Conseil d'État, 4ème chambre, 30/12/2021, 445649, Inédit au recueil Lebon
Texte intégral
Conseil d'État - 4ème chambre
N° 445649
ECLI : FR:CECHS:2021:445649.20211230
Inédit au recueil Lebon
Lecture du jeudi 30 décembre 2021
Rapporteur
M. Edouard Solier
Rapporteur public
M. Frédéric Dieu
RÉPUBLIQUE FRANCAISE
AU NOM DU PEUPLE FRANCAIS
Vu la procédure suivante :
Mme J... H... a demandé au tribunal administratif de Montpellier d'annuler les opérations électorales qui se sont déroulées le 15 mars 2020 pour l'élection des conseillers municipaux et communautaires dans la commune de Clapiers (Hérault). Par un jugement n° 2002146 du 29 septembre 2020, le tribunal administratif a rejeté sa protestation.

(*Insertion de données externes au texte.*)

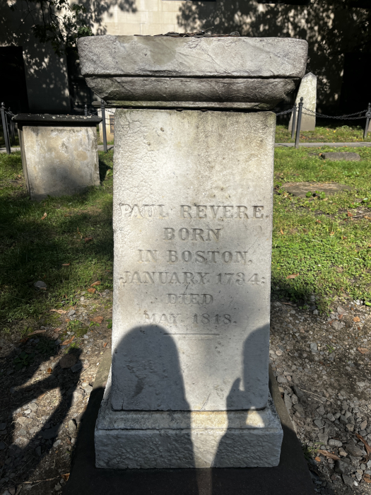 The marker for James Otis. He was the one who came up with the phrase "no taxation without representation." He's not as well-remembered as other founders because he was hit in the head by a redcoat during a protest in 1769 and suffered brain damage. He never really recovered, and ultimately died by being struck by lightning.
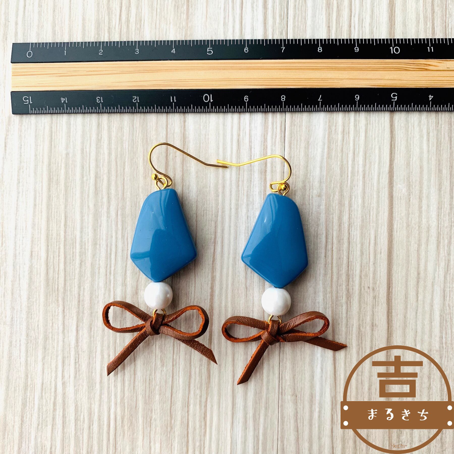 ペンタゴンピアス◯変形五角形とレザーリボンピアス◯ハンドメイドピアス◯ブルー

Par une requête, un mémoire complémentaire et deux nouveaux mémoires, enregistrés les 26 octobre et 9 novembre 2020 et les 17 et 24 août 2021 au secrétariat du contentieux du Conseil d'Etat, Mme H... demande au Conseil d'Etat :
1°) d'annuler ce jugement ;
2°) d'annuler les opérations électorales qui se sont déroulées le 15 mars 2020 dans la commune de Clapiers ;
3°) d'enjoindre à l'Etat d'organiser de nouvelles élections ;
4°) de mettre à la charge de l'Etat la somme de 1 500 euros au titre de l'article L. 761-1 du code de justice administrative.

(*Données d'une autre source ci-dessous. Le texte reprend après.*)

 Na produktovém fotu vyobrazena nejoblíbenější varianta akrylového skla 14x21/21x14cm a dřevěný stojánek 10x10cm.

Vu les autres pièces du dossier ;
Vu :
- le code électoral ;
- le code de justice administrative ;
Après avoir entendu en séance publique :
- le rapport de M. Edouard Solier, maître des requêtes,
- les conclusions de M. Frédéric Dieu, rapporteur public ;
Considérant ce qui suit :
1. À l'issue des opérations électorales qui se sont déroulées le 15 mars 2020 dans la commune de Clapiers (Hérault), les vingt-neuf sièges de conseillers municipaux et le siège de conseiller communautaire ont été pourvus. Vingt-quatre sièges de conseillers municipaux et un siège de conseiller communautaire ont été attribués à des candidats de la liste " Clapiers 2020- La passion d'agir ensemble " conduite par M. A... B... qui a obtenu 1 311 voix, soit 65,8% des suffrages exprimés tandis que les cinq autres sièges de conseillers municipaux ont été attribués à des candidats de la liste " Ensemble et autrement à Clapiers " conduite par M. D... I... qui a obtenu 681 voix, soit 34,2% des suffrages exprimés. Mme H... relève appel du jugement du 29 septembre 2020 par lequel le tribunal administratif de Montpellier a rejeté sa protestation tendant à l'annulation des opérations électorales qui se sont déroulées le 15 mars 2020 en vue de l'élection des conseillers municipaux et communautaires de Clapiers.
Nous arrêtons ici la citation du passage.